---- Given records
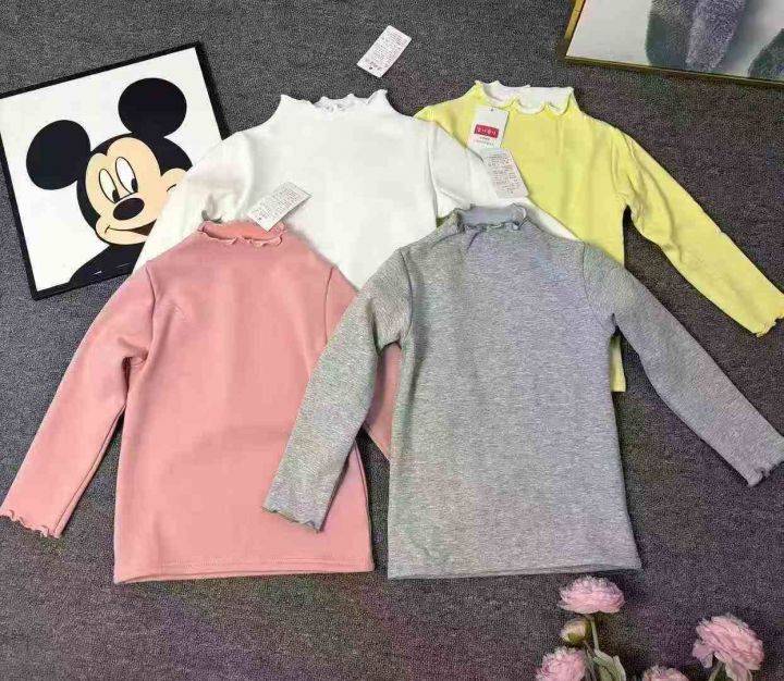 370件左右新款洋气童装花边半高领糖果色系加绒女童打底上衣!两个图片款!一个半高领,一个高领!好几个颜色!尺码90-150,质量做工毋庸置疑!高弹力!独立包装!福利价4.8 不分货
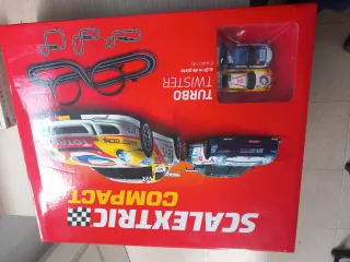 Circuito de slot Scalextric Compact Turbo Twister. Incluye dos coches. - Longitud del circuito: 4,91 metros. - Escala de los coches: 1:43. - Diseño compacto y divertido.
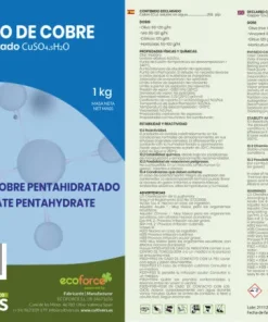 Polvo micronizado, muy estable para multiples usos para para jardín.Sulfato de cobre (II) pentahidratado Controla el moho, las manchas de hojas y costras del tizón y de la manzana. El sulfato de cobre para realización de experimentos escolares como la cristalización o realización de nieve instantánea.
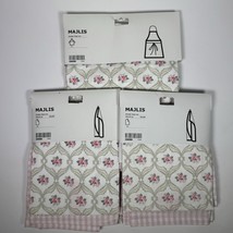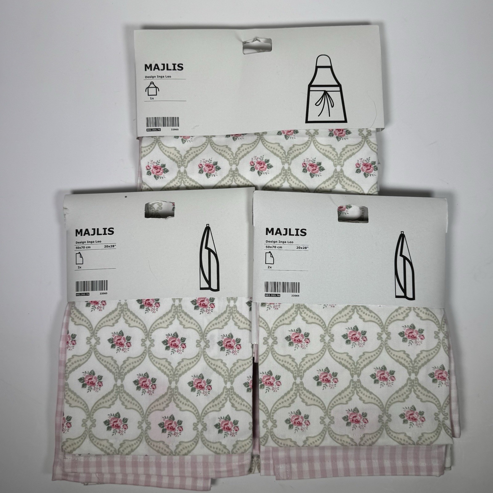 Ikea Majlis Apron & 4 Hand Towels New Set Floral & Pink Gingham
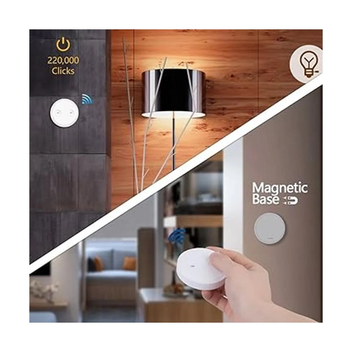 Largo alcance y base magnética: el control de iluminación inalámbrico varía hasta 98.4 ft interior, 656.2 ft exterior, lo que te permite controlar tu luz desde casi cualquier lugar de tu casa; el control remoto cuenta con una base magnética que es montable y movible, por lo que puedes reubicar el interruptor de luz sin dañar tus paredes
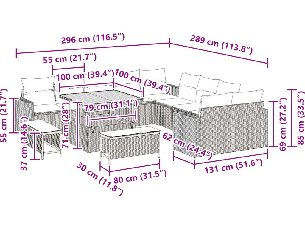 Tento modulární zahradní sofa set je stylovým kouskem pro zahradu nebo terasu. Spojuje moderní design s praktičností, takže je to ideální doplněk do vašeho venkovního prostoru. Díky modulárnímu uspořádání si jej můžete upravit podle potřeby a každé příležitosti. Jeho minimalistický styl dodá vaší terase šmrnc a eleganci.
--------
_What to do_.
Give again, exactly, the lines starting at the first entry above and ending at the line with "Circuito de slot"; please leave pictures out.

_Final answer_.
 370件左右新款洋气童装花边半高领糖果色系加绒女童打底上衣!两个图片款!一个半高领,一个高领!好几个颜色!尺码90-150,质量做工毋庸置疑!高弹力!独立包装!福利价4.8 不分货
 Circuito de slot Scalextric Compact Turbo Twister. Incluye dos coches. - Longitud del circuito: 4,91 metros. - Escala de los coches: 1:43. - Diseño compacto y divertido.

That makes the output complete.